A Compartment Model of VEGF Distribution in Humans in the Presence of Soluble VEGF Receptor-1 Acting as a Ligand Trap
Figure 1
Schematic of Multi-Tissue Model of VEGF and sVEGFR1 Distributions.
A. Whole-body compartmentalization of solid tissues into ‘Calf’ vs. ‘Normal’ (rest of the body) compartments for a healthy subject. Characteristic geometries – parenchymal cell (grayish red), interstitial space (green/blue) and capillary space (endothelial cells (EC) in yellow, plasma in pink, red blood cells (RBC) in red) volume fractions; basement membrane (BM) thicknesses; and EC surface areas – were quantified from histological cross-sections of representative human skeletal muscles (gastrocnemius and vastus lateralis). Illustrations adapted from: ‘muscle man’ series from Andreas Vesalius, De Humani Corpis Fabrica, 1543, courtesy of the National Library of Medicine; histological micrographs from Baum et al. J Vasc Res 2007;44:202–213. Note: BM thicknesses and molecule sizes are not drawn to scale. B. Mass flows through 3-compartment model. VEGF and sVEGFR1 were secreted from parenchymal and endothelial cell sources respectively. Both were internalized upon binding with abluminal endothelial surface receptors. All soluble species were subjected to lymphatic drainage from interstitial space into the blood, bidirectional permeability through the endothelia, and direct clearance from the blood. C. Molecular Interactions between VEGF121 (yellow), VEGF165 (blue), sVEGFR1 (orange), interstitial matrix binding sites (glycosaminoglycans or “GAG”; purple), and the abluminal endothelial cell surface receptors VEGFR1 (red), VEGFR2 (blue), and NRP1 (green).
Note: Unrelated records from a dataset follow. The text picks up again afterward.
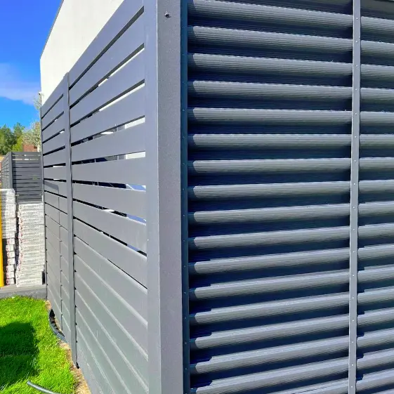 Cовременный комбинированный забор «ранчо-жалюзи», в котором удачно сочетаются ламели Еврожалюзи и Металлопланкен цвет RAL 7024 MATTE Серый Графит матовый. Такое решение объединяет функциональность и эстетичность: конструкция обеспечивает надежную защиту участка, при этом создавая лёгкий визуальный эффект за счёт горизонтальных линий жалюзи. Матовый графитовый оттенок подчёркивает стиль и строгость дизайна, гармонично сочетаясь с природным окружением и современной архитектурой. Этот вариант ограждения подойдёт для тех, кто ценит долговечность, практичность и выразительный внешний вид.
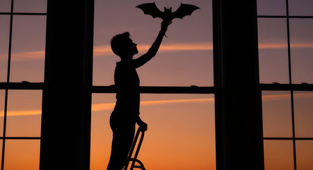 A silhouette of a person stands on a ladder in front of a large paned window, holding a bat decoration up to the glass. The beautiful sunset outside casts a warm orange and purple glow, creating a festive atmosphere for Halloween preparations.
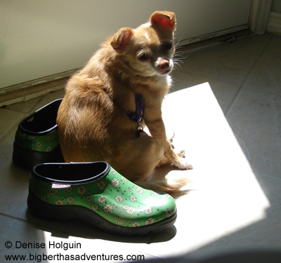 She was trained to do her business outside – but she would often forget or get distracted by anything and everything while outside.  Her own shadow could spook her.  Squirrels would taunt her but she’d bark to show them she was in charge.  She enjoyed sunbathing outdoors and even found ways to sunbathe indoors.  The morning sun would shine through the window and she’d strategically position herself in the sun.  She’d move to follow the little patch of sunlight as the day advanced.
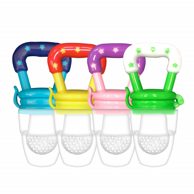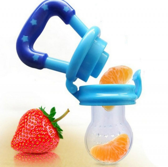 Suzeta pentru fructe este un produs foarte util din momentul in care bebelusului incep sa ii iasa primii dinti, aceasta ajutand la masajul gingival si reducand durerea de la aparitia dintilor, datorita siliconului alimentar din care este confectionata tetina. In tetina pot fi introduse fructe, bebelusul dumneavoastra indragostindu-se astfel imediat de acest produs. Suzeta este prevazuta cu un capac, putand fi astfel depozitata oriunde. Manerul are o dimensiune potrivita astfel incat bebelusul poate tine suzeta in manuta pe parcursul utilizarii. Produsul este disponibil pentru diverse varste: 3-6, 6-9 si peste 9 luni Culoare: galben, roz, verde sau albastru. Sterilizati produsul inainte de folosire, feriti produsul de apa fierbinte, cuptorul cu microunde, caldura excesiva sau masina de spalat vase.
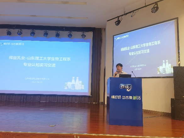 6月19日,生物工程系师生首先到达低温乳品龙头企业----山东得益乳业股份有限公司进行认知实习。公司的领导、技术部门和人力资源部门负责人先后向师生们介绍了企业的发展情况、前沿的技术研发内容及就业等相关情况,并与在场的老师和员工进行了交流。交流完毕后,员工们参观了得益低温奶智能制造车间和大数据平台。
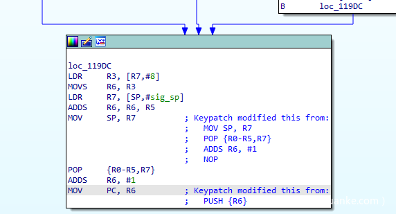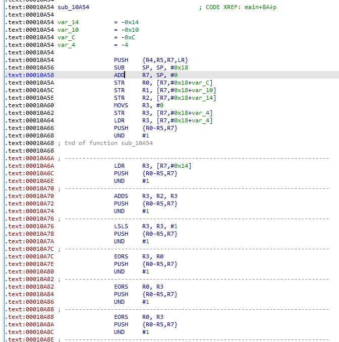 进入逻辑函数,发现充满了PUSH {R0-R5, R7}; UND #1;这样的东西,此时会进入到SIGILL的处理函数中进行跳转,因此本题的意义就是修复这段逻辑。
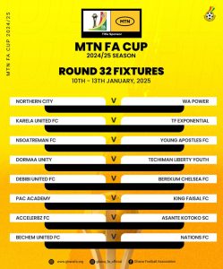 The Ghana Football Association (GFA) has unveiled the matchups for the Round of 32 in the MTN FA Cup, following the official draw on Thursday, December 19, 2024.
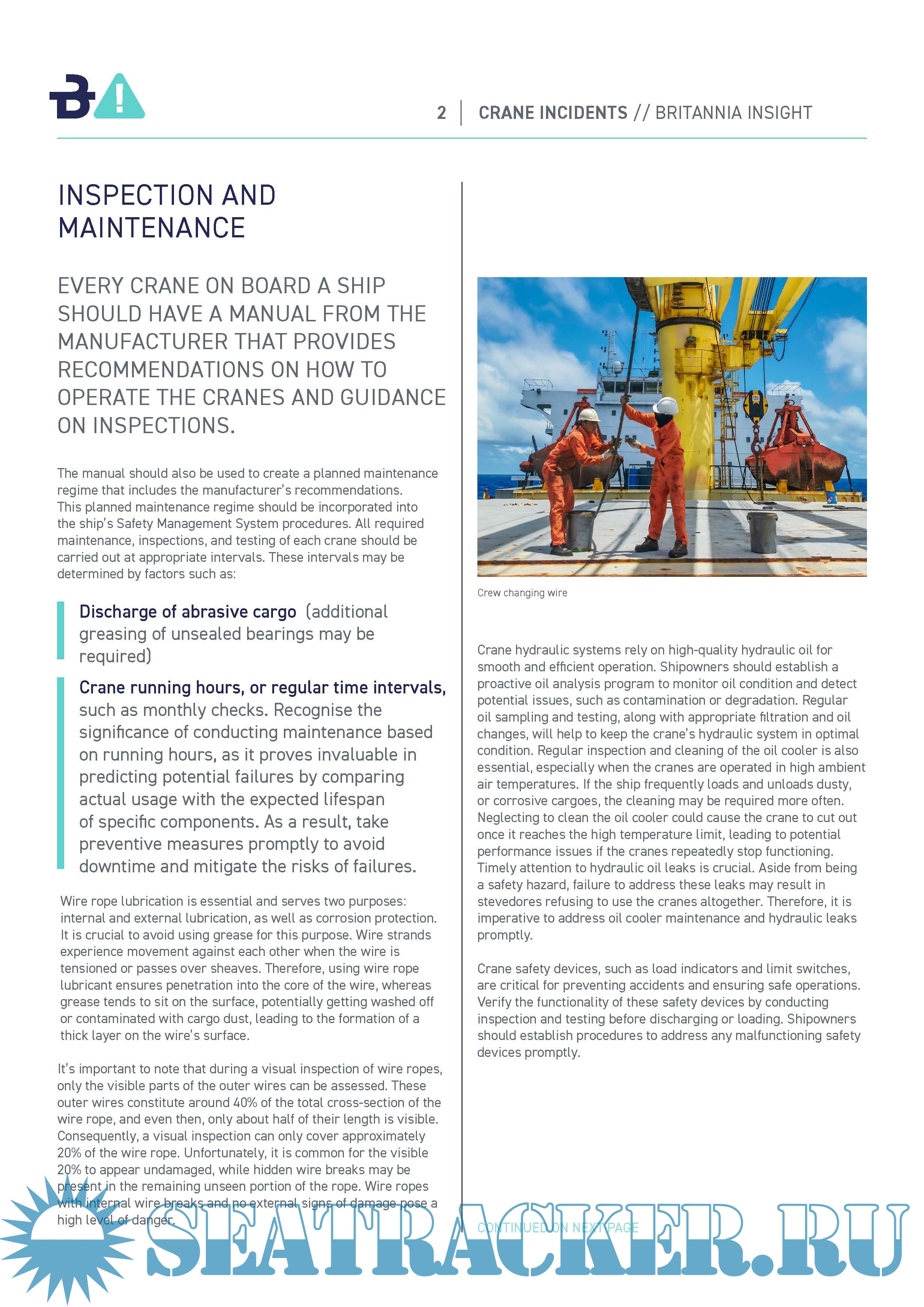 Year: 2024 Language: English Author: Britannia P&I Club Genre: Periodical Format: PDF Quality: eBook Pages count: 8 Description: Britannia P&I Club Loss Prevention Insight. LP insight on the importance of inspection, maintenance, and certification of cranes on ships for safe and efficient operations. Cranes play a vital role in shipboard operations, facilitating the efficient loading and unloading of cargo, and supporting various maritime activities. They are essential for lifting heavy loads, and their inspection, maintenance, and certification are crucial for ensuring the safety of personnel and the protection of valuable cargo.
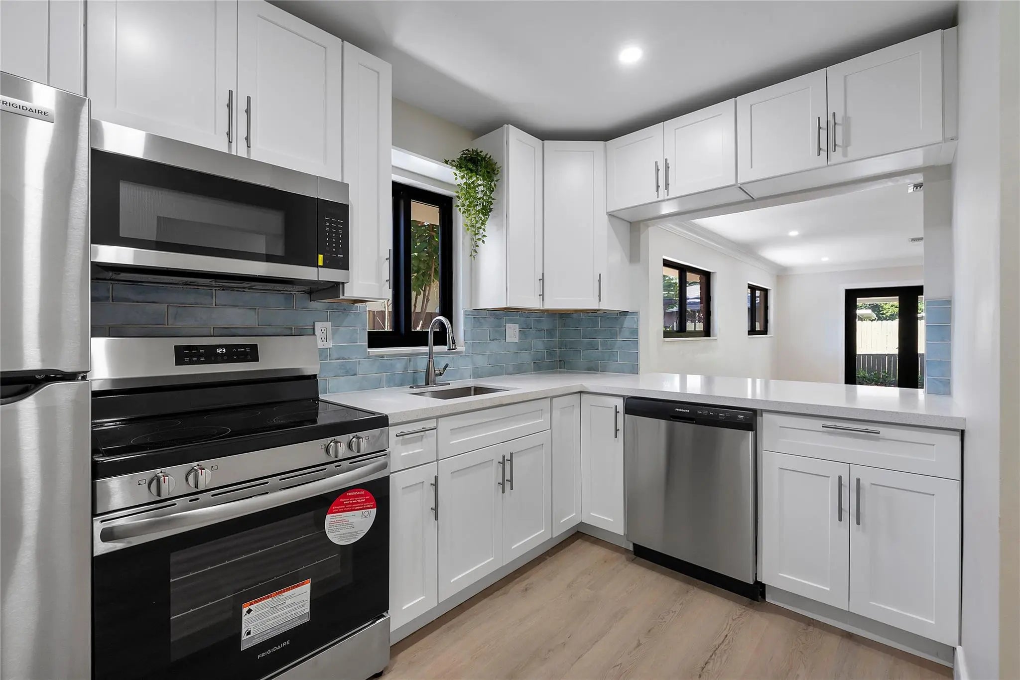 Rare opportunity for built-in flexibility in East Oakland Park. This fully renovated 3BD/3BA home features a unique layout with a private 500sqft front suite and a separate main residence behind it. The front suite has its own entrance & full bath, ideal for rental income (comps support ~$1300-$1500/mo), home office/studio, multigenerational living, or private guest space. Main home offers a 2BD/2BA layout & new kitchen with quartz counters, shaker cabinets, & SS appliances. Upgrades include a brand new roof & impact windows/doors (2025), newer AC & WH new flooring, walk-in closets, & ample storage. Exterior updates include fresh landscaping, paint, & fencing. Centrally located near parks, pickleball and tennis courts, and minutes to Downtown Oakland Park, Wilton Manors, & Fort Lauderdale.
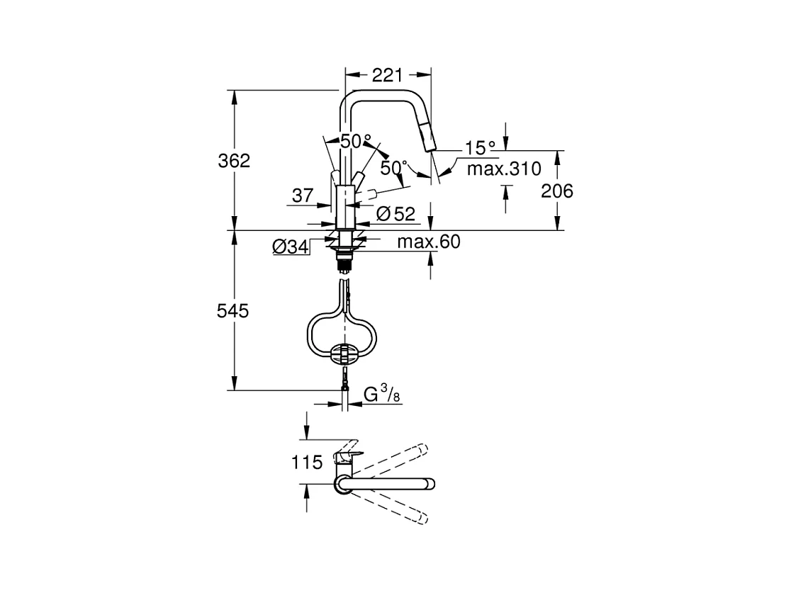 Robinet de cuisine avec douchette GROHE Start bec haut noir mat 2 jets
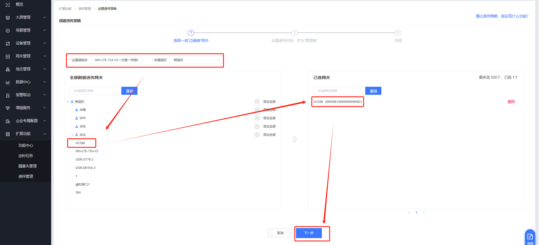 命名WH-LTE-7S4 V2一對透一傳測試,所屬組織根組織,選擇VCOM,下一步。
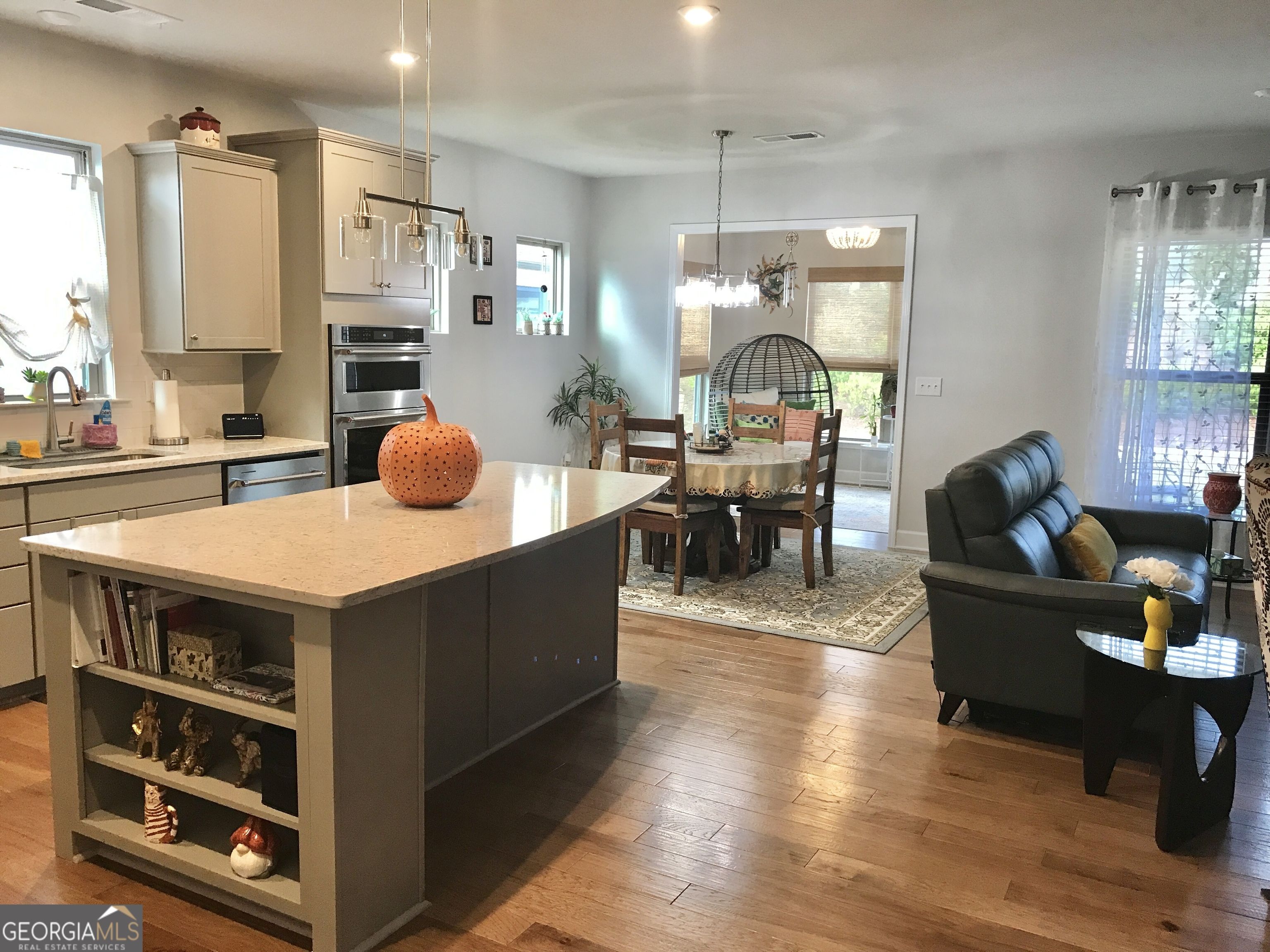This beautiful Abbeyville home, located in the popular 55+ Active Adult Community of Del Webb Chateau Elan, offers you numerous unique features. It was built in 2023 and aside from the marvelous open floor plan, it stands alone because of these "unique" features. Namely, Fandelier fans in the master bedroom and sun porch; motion lights in the master bedroom closet and garage; Samsung refrigerator with beverage dispenser; ceiling fans in all rooms; under ground sprinklers; a garden tub and a separate shower in the master bathroom; drawers in master bathroom; storage shoe rack in mud room; Blink door bell and cameras; all window blinds and treatments, EXCEPT the window treatments in the master bedroom, remain. Gourmet kitchen with easy close drawers. Light colored hardwood floors and carpeting in the bedrooms. This open spaced floor plan ensures a smooth flow for family and friends to easily interact. A few activities include: pickleball, tennis, bocce, golf, arts and crafts, chorus, performing arts, culinary Mexican train, ladies and men's poker, line dancing, and bridge. Playground for children and Fitness center for the residents. This adult community thrives on being active. As you check out the photos of the house, there are also some photos showing the awesome landscaping that the members enjoy each day as they walk, bicycle or drive through their community. You can close quickly and MOVE IN NOW!
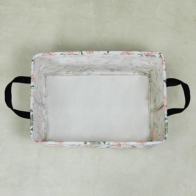 LANGYASHAN Rectangular Storage Bin Collapse Canvas Fabric Cartoon Storage Basket with Handles for Organizing Home Kitchen Boys and Girls Toys Office Closet Shelf Baskets (Rec Champagne Rose)
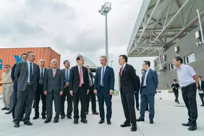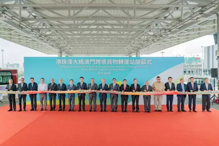 港珠澳大橋澳門跨境貨物轉運站開幕儀式於今(8)日上午舉行。經濟及科技發展局戴建業局長、澳門特別行政區海關李煜輝助理關長、交通事務局鄭岳威副局長,以及行業商會領導共同主持開幕式。
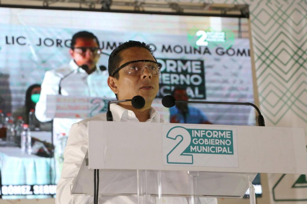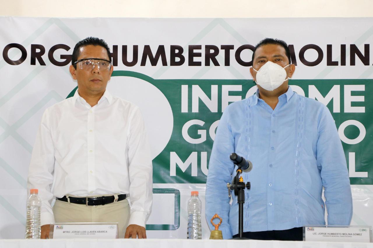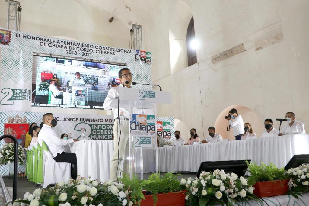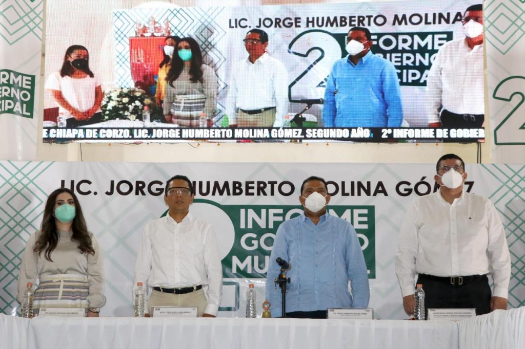 Tuxtla Gutiérrez, Chiapas.- El fiscal general Jorge Llaven Abarca asistió como invitado de honor al Segundo Informe de Gobierno del presidente municipal de Chiapa de Corzo, Jorge Humberto Molina Gómez, donde hizo un llamado respetuoso a las y los alcaldes para sumarse a la estrategia de combate frontal a la corrupción, destacando que hoy en Chiapas la rendición de cuentas a la ciudadanía es una prioridad.

The sVEGFR1 interactions modeled were: trapping of free VEGF121 (T1a) and VEGF165 (T2); giving NRP1s an indirect way of sequestering VEGF121 to the cell surface (T1b or T3); and displacing VEGF165 from interstitial matrix sites (D1b) through competitive binding (D1a). This model neglected sVEGFR1-heterodimerization with surface VEGFRs, thus ignoring the possible effect of sVEGFR1 in lowering the effective density of functional surface VEGFRs. Hence in this study, any effect that the presence of sVEGFR1 had on VEGF-signaling potential (i.e, the formation of VEGF-VEGFR complexes) resulted from sVEGFR1's influence on the effective concentration of interstitial free VEGF. D. Protein domains of full-length vs. soluble human VEGFR1. sVEGFR1's binding affinities for the VEGF ligand, interstitial matrix sites (e.g., heparan sulfate proteoglycans) and NRP1 were inferred from the identical first 6 immunoglobulin-like domains of the full-length VEGFR1.